━━━━━ Data provided

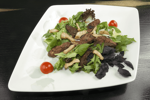 Salad with tripe, herbs, and peanuts is an exquisite French recipe that combines the tender texture of beef tripe with the crunchy freshness of salad and the spicy aroma of peanut oil. Historically, dishes with offal were valued in French cuisine for their rich flavor and benefits. This salad surprises with a contrast of textures: soft tripe harmonizes with juicy cherry tomatoes and refreshing greens. The dressing made from mustard, egg yolk, and aromatic peanut oil adds nutty depth and a hint of spiciness to the dish. Such a salad is perfect as a light dinner or an unusual appetizer for gourmets seeking to explore new gastronomic dimensions.
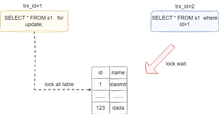 SELECT * FROM s1 WHERE id=1 for update;
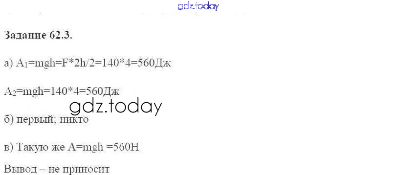 На страницах сайта gdz.today вы найдете учебный и вспомогательный материал, направленный на улучшения знаний школьной программы. ГДЗ - онлайн мир знаний Задание 62 (решение) 3 Рабочей тетради по Физике для 7 класса Ханнанова, Ханнанов Дрофа Вертикаль 2016
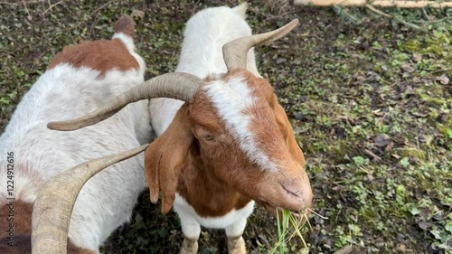 Goats with Horns Eating Grass in a Field, Looking at the Camera, in Slow-Motion.
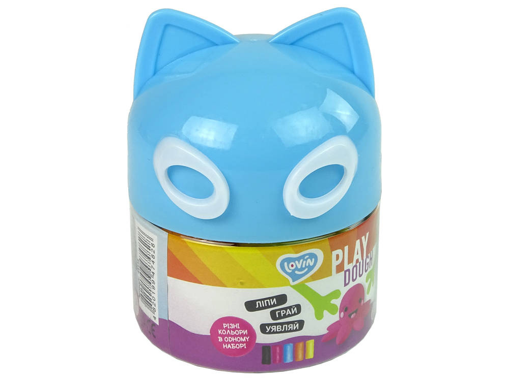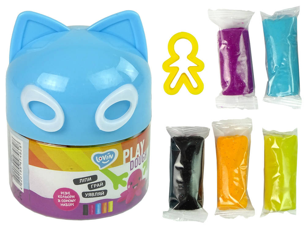 - Zestaw składa się z 5 kolorowych tub z ciastoliną oraz foremki. Wszystkie elementy znajdują się w pudełku z wizerunkiem kota. Dla dzieci powyżej 3 roku życia.
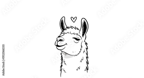 Fototapeta premium Smiling cartoon llama with heart above head, drawn in black and white on...
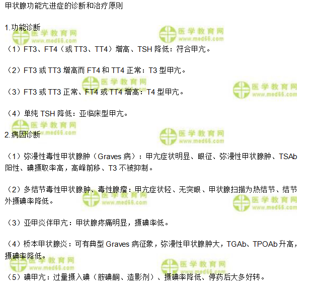 以上为“甲状腺功能亢进症的诊断和治疗原则——《代谢、内分泌系统》考点”全部内容, 由医学教育网小编整理,更多文章请随时关注医学教育网临床执业医师考试栏目!
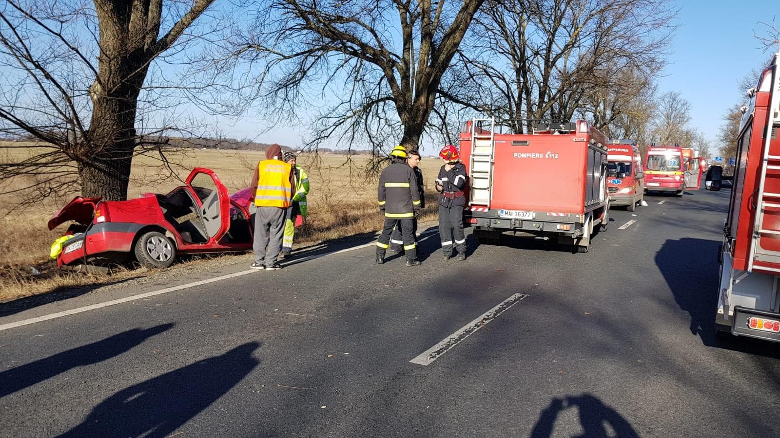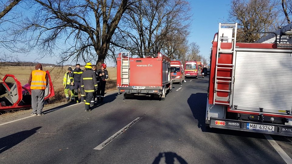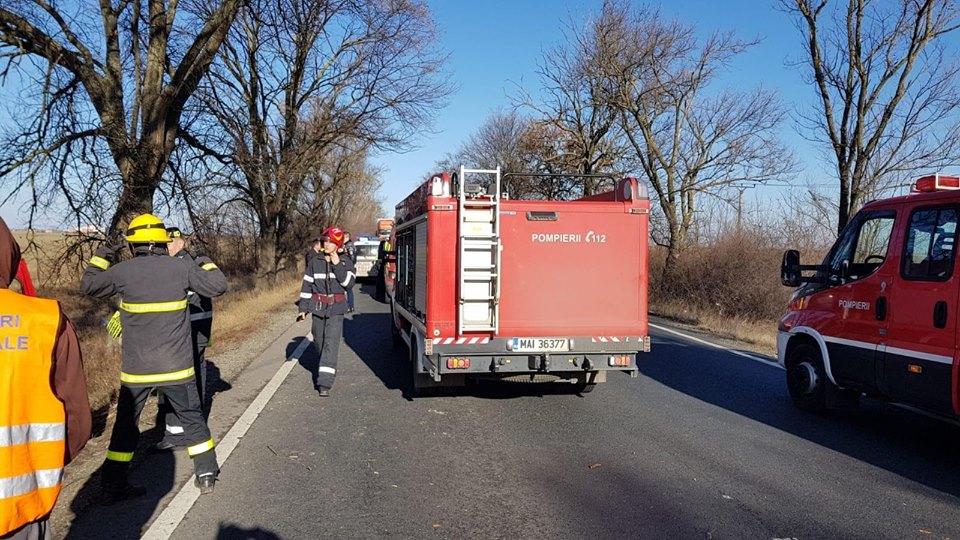 În urma impactului, un autoturism a ieșit de pe carosabil, iar două persoane au rămas încarcerate. Din cadrul Detașamentului Arad au intervenit la fața locului o autospecială de stingere, o autospecială pentru descarcerare și două ambulanțe SMURD.

━━━━━━━━━━

> [Description of the task]: Only the lines from the one that holds "- Zestaw składa" through the end of the records above should be printed again, exactly as they are. Leave out the pictures.

> [Exercise result]:
 - Zestaw składa się z 5 kolorowych tub z ciastoliną oraz foremki. Wszystkie elementy znajdują się w pudełku z wizerunkiem kota. Dla dzieci powyżej 3 roku życia.
 Fototapeta premium Smiling cartoon llama with heart above head, drawn in black and white on...
 以上为“甲状腺功能亢进症的诊断和治疗原则——《代谢、内分泌系统》考点”全部内容, 由医学教育网小编整理,更多文章请随时关注医学教育网临床执业医师考试栏目!
 În urma impactului, un autoturism a ieșit de pe carosabil, iar două persoane au rămas încarcerate. Din cadrul Detașamentului Arad au intervenit la fața locului o autospecială de stingere, o autospecială pentru descarcerare și două ambulanțe SMURD.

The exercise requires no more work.